As a photographer, there is always something new to learn; sometimes the amount of information and new gear and techniques out there can seem mind blowing.  What should you be doing?  What gear is best to be using?  It’s enough to make a sane person crazy.

I’m always looking for new things to learn, and I get overwhelmed sometimes, too.  But nothing has changed my photography more, and there is nothing I like learning more about, than off camera lighting.  I am fairly sure that the day that I first took my flash off-camera, I heard a choir of angels singing.  This is amazing!  I can control the light!  I can control its direction!  I can make the background completely black even in a lit room?  I can create extremely dramatic lighting in my living room between commercials of American Idol?  Yes, yes, yes, and yes!  And I can tell you how to do this, too!

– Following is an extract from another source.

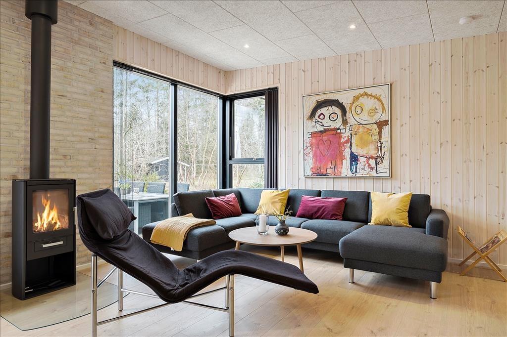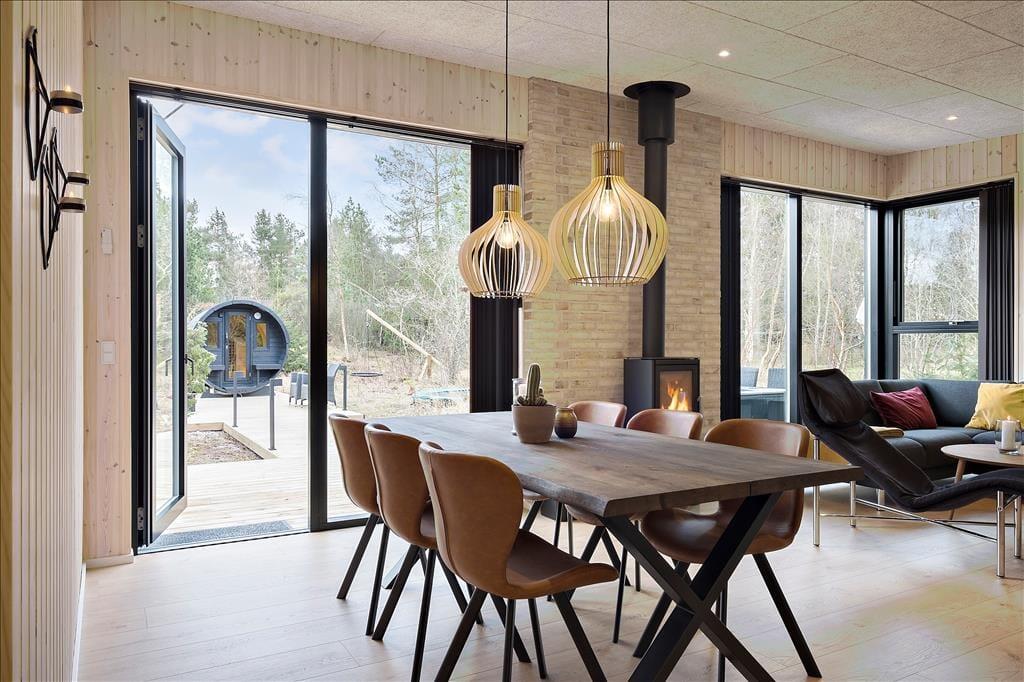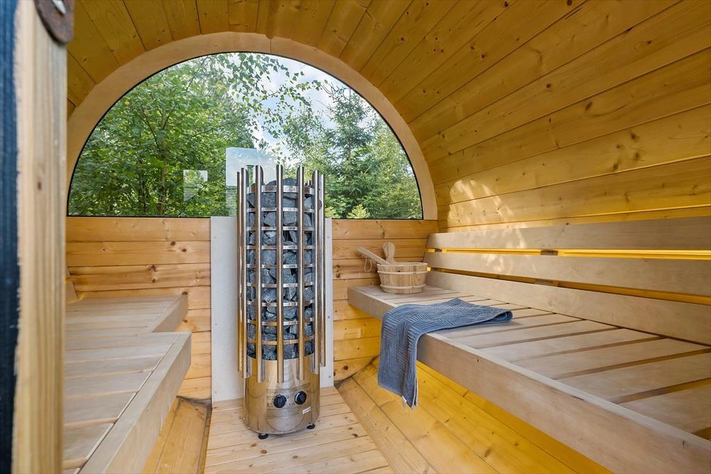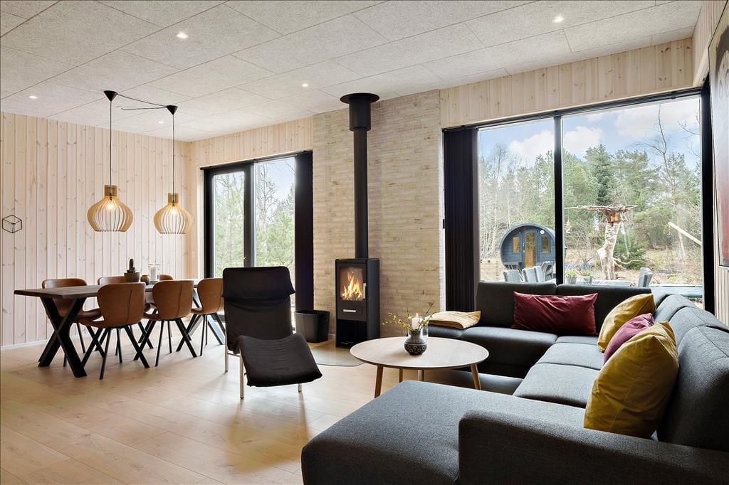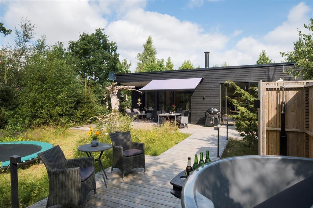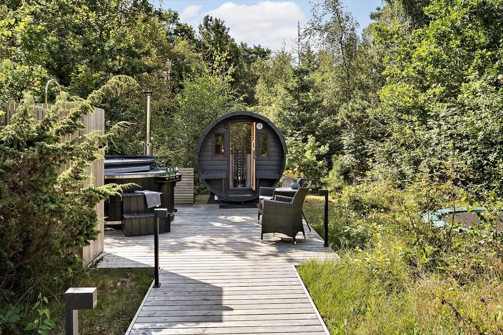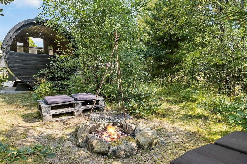 Selvom huset er nyt, har naturgrundens træer og buske stået der længe, og de rammer terrassearealerne ind på kønneste vis. En del af det store og solrige terrasseområde er indrettet som et herligt wellnessområde med brændeopvarmet vildmarksbad, udebruser og saunatønde – det føles velgørende at slappe af og læne sig tilbage i disse omgivelser! På grunden er der desuden bålplads og gode legefaciliteter inklusiv en nedgravet trampolin, og på terrassen sørger terrassevarmeren for, at I ikke bliver kolde, selvom temperaturen falder ved aftentid. Og som endnu en betænksom detalje er der elstik med 3600 WATT til opladning af elbiler på naturgrunden.

I currently use one off-camera light for portraits.  I started with using my flash (I shoot Canon, so that would be a 430exii).  I now have an Alien Bees B800 which I use most of the time, but each method has its pros and cons, and you can get the same or very similar results whether you are using a flash or a strobe.

There are several things you will need to create portraits with off camera lighting:

  • An off-camera light source (flash or strobe such as Alien Bees, Einstein, etc.)
  • A method for triggering your off-camera light source.  Some cameras are able to use their built-in pop-up flash to trigger an off-camera flash; check your manual to determine if this is possible.  Other cameras are not able to do this and you will need a trigger/receiver set.  You will need triggers/receivers for all off-camera strobes.
  • A light modifier.  This is optional, but definitely desirable.  Modifiers include an umbrella, softbox, or (my favorite), the beauty dish.
  • An understanding of your camera’s max sync speed…what it is and what it represents.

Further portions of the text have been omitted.